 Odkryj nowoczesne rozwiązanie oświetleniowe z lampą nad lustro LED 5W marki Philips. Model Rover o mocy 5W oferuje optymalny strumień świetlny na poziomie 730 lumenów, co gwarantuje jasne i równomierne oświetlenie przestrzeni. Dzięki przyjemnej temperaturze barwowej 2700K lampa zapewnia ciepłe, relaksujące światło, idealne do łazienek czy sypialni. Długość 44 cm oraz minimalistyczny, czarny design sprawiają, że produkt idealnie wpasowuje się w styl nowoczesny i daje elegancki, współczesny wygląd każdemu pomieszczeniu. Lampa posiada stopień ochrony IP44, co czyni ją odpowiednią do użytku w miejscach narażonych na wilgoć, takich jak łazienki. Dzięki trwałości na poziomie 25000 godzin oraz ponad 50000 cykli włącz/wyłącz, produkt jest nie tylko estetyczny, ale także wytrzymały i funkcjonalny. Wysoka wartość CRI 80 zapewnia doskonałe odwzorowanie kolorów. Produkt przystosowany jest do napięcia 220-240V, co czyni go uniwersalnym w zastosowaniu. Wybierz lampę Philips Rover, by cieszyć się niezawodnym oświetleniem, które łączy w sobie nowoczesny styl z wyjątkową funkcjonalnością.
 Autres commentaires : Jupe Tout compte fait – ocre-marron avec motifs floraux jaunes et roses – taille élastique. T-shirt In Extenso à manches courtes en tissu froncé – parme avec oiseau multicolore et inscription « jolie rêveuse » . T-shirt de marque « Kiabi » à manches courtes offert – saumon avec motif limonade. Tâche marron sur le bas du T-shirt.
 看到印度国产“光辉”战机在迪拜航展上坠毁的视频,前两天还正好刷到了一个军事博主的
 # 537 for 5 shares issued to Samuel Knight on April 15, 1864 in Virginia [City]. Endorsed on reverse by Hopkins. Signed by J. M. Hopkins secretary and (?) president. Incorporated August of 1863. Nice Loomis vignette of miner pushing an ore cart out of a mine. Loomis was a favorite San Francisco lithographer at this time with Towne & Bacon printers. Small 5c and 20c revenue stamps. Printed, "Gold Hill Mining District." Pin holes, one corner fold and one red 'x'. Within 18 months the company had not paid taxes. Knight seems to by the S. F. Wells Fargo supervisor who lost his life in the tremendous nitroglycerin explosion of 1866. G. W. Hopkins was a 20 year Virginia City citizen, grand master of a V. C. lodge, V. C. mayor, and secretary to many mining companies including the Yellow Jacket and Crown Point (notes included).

● **The task**: Copy out the material word for word and line for line.

● **Task solution**:
 Odkryj nowoczesne rozwiązanie oświetleniowe z lampą nad lustro LED 5W marki Philips. Model Rover o mocy 5W oferuje optymalny strumień świetlny na poziomie 730 lumenów, co gwarantuje jasne i równomierne oświetlenie przestrzeni. Dzięki przyjemnej temperaturze barwowej 2700K lampa zapewnia ciepłe, relaksujące światło, idealne do łazienek czy sypialni. Długość 44 cm oraz minimalistyczny, czarny design sprawiają, że produkt idealnie wpasowuje się w styl nowoczesny i daje elegancki, współczesny wygląd każdemu pomieszczeniu. Lampa posiada stopień ochrony IP44, co czyni ją odpowiednią do użytku w miejscach narażonych na wilgoć, takich jak łazienki. Dzięki trwałości na poziomie 25000 godzin oraz ponad 50000 cykli włącz/wyłącz, produkt jest nie tylko estetyczny, ale także wytrzymały i funkcjonalny. Wysoka wartość CRI 80 zapewnia doskonałe odwzorowanie kolorów. Produkt przystosowany jest do napięcia 220-240V, co czyni go uniwersalnym w zastosowaniu. Wybierz lampę Philips Rover, by cieszyć się niezawodnym oświetleniem, które łączy w sobie nowoczesny styl z wyjątkową funkcjonalnością.
 Autres commentaires : Jupe Tout compte fait – ocre-marron avec motifs floraux jaunes et roses – taille élastique. T-shirt In Extenso à manches courtes en tissu froncé – parme avec oiseau multicolore et inscription « jolie rêveuse » . T-shirt de marque « Kiabi » à manches courtes offert – saumon avec motif limonade. Tâche marron sur le bas du T-shirt.
 看到印度国产“光辉”战机在迪拜航展上坠毁的视频,前两天还正好刷到了一个军事博主的
 # 537 for 5 shares issued to Samuel Knight on April 15, 1864 in Virginia [City]. Endorsed on reverse by Hopkins. Signed by J. M. Hopkins secretary and (?) president. Incorporated August of 1863. Nice Loomis vignette of miner pushing an ore cart out of a mine. Loomis was a favorite San Francisco lithographer at this time with Towne & Bacon printers. Small 5c and 20c revenue stamps. Printed, "Gold Hill Mining District." Pin holes, one corner fold and one red 'x'. Within 18 months the company had not paid taxes. Knight seems to by the S. F. Wells Fargo supervisor who lost his life in the tremendous nitroglycerin explosion of 1866. G. W. Hopkins was a 20 year Virginia City citizen, grand master of a V. C. lodge, V. C. mayor, and secretary to many mining companies including the Yellow Jacket and Crown Point (notes included).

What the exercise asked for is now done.